Beneath this line are entries. Copy the range from the line with "Figure 4. Retention" to the line with "Many view gifting", ends included, exactly; leave pictures out.
START Working data
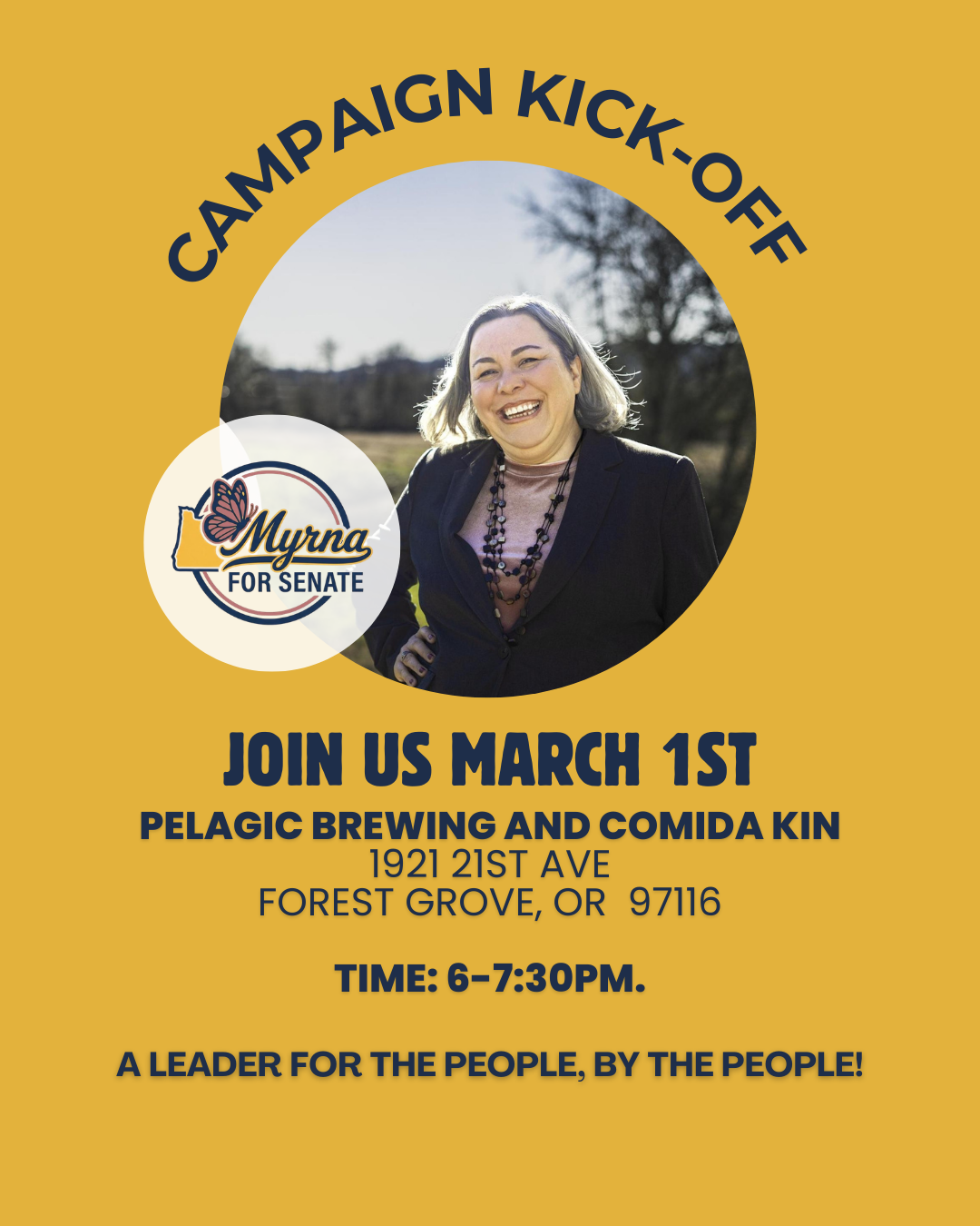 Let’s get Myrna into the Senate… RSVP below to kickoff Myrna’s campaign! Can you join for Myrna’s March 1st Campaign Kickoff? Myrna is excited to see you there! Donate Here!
END Working data
START Working data
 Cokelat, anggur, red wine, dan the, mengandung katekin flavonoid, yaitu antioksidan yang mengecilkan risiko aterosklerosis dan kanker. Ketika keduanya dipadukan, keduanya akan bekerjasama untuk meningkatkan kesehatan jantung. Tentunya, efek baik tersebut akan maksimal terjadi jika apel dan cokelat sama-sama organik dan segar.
END Working data
START Working data
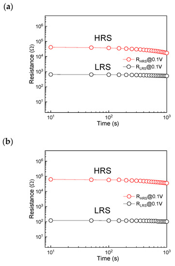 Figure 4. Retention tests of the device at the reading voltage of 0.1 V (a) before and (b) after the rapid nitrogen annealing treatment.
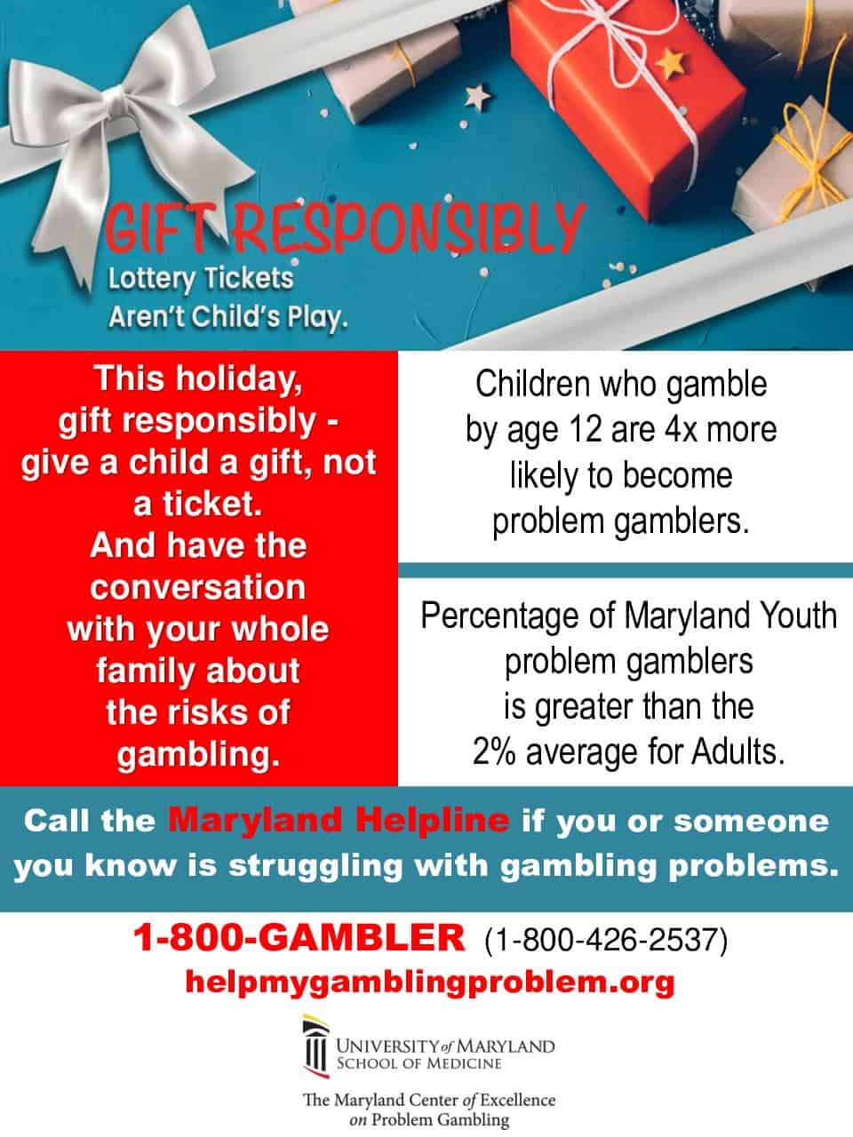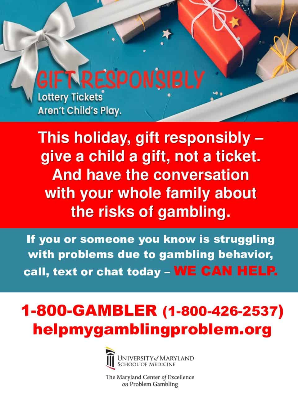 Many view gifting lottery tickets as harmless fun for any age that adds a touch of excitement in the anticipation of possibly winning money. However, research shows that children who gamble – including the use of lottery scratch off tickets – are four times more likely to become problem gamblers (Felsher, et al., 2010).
END Working data
*Response to this task*
 Figure 4. Retention tests of the device at the reading voltage of 0.1 V (a) before and (b) after the rapid nitrogen annealing treatment.
 Many view gifting lottery tickets as harmless fun for any age that adds a touch of excitement in the anticipation of possibly winning money. However, research shows that children who gamble – including the use of lottery scratch off tickets – are four times more likely to become problem gamblers (Felsher, et al., 2010).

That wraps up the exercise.